Tränen laufen ihr zu den Wangen hinab.
"Ich hatte Angst", wisperte sie. "Angst vor der Freiheit."
Apathisch schob sie den Krempel auf dem Tisch zusammen, der sich am Vorabend angesammelt hatte, als sie einen Film auf Netflix gesehen hatten. Leere Gläser. Eine Chipstüte, halb voll. Die Haarklammer, die sie beim Filmgucken gelöst hatte. Im Türrahmen stand plötzlich Emma. Im Schlafshirt, das lange blonde Haar so wirr, dass die Locken in die Freiheit strebten.

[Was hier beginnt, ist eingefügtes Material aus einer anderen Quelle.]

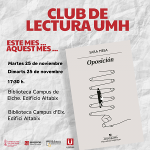 ¿Todavía no te has inscrito al Club de Lectura? Para ello puedes enviar un correo a . Únete a nuestra comunidad de lectores y descubre el placer de la lectura y el diálogo, además puedes reservar tu ejemplar en el catálogo de la Biblioteca UMH.
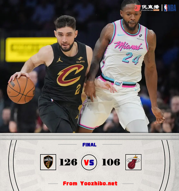 JRS直播网讯 北京时间1月30日讯 NBA常规赛,骑士客场挑战热火。骑士37胜9负高居东部第一,热火23胜22负排东部第六。一开场,双方短暂相持,骑士多点开花,热火里突外投给出回应,米切尔高效输出带队取得两位数优势,次节双方围绕10分左右分差展开拉锯战,热火后程乏力,骑士稳扎稳打不断扩大领先,半场战罢骑士59-41领先热火。下半场,海史密斯连得10分,骑士多点开花保持优势,希罗突然发力40秒连得8分,末节双方继续围绕两位数分差展开拉锯战,骑士稳扎稳打将优势保持到最后,最终,骑士126-106击败热火,客场过关。
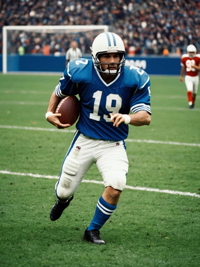 Man in Football Jersey Costume, full-body action photo on field, cinematic realism
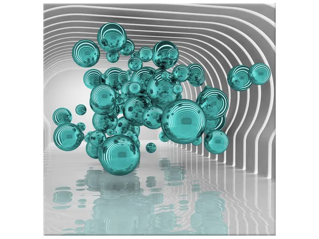 Úvod » Obrazy » Obrazy na plátne » Abstrakt » Tyrkysové gule vo futuristickej miestnosti 3D

Hektisch wischte Talvi die Tränen weg. Am Ende gab es Fragen, wenn sie bemerkt würden, aber zugleich wusste sie, dass es niemand bemerken würde, Emma schon mal gar nicht, die drehte sich derzeit ausschließlich um sich selbst.
Mit den Locken war Emma wunderschön. Aber sie glättete sie schon noch. So wie alles im Leben geglättet war. Und schön einheitlich aussah. Das Haus gebaut, wie es zu den anderen Häusern des Neubaugebietes passte. Der SUV in der Garage, der E-Kleinwagen vor derselben, wie überall, in der ganzen Straße. In den Häusern nebenan erwachten gerade Teenager und Kleinkinder. Überall Supermoms.
Sie setzte ihr Supermomlächeln auf. "Guten Morgen, mein Schatz."
"Morgen", maulte das Töchterlein.
Weil Teenager immer maulten.
Apathie, dachte Talvi, die sich hochstemmte, um endlich den Frühstückstisch zu decken. Alles ist eingefroren in Apathie.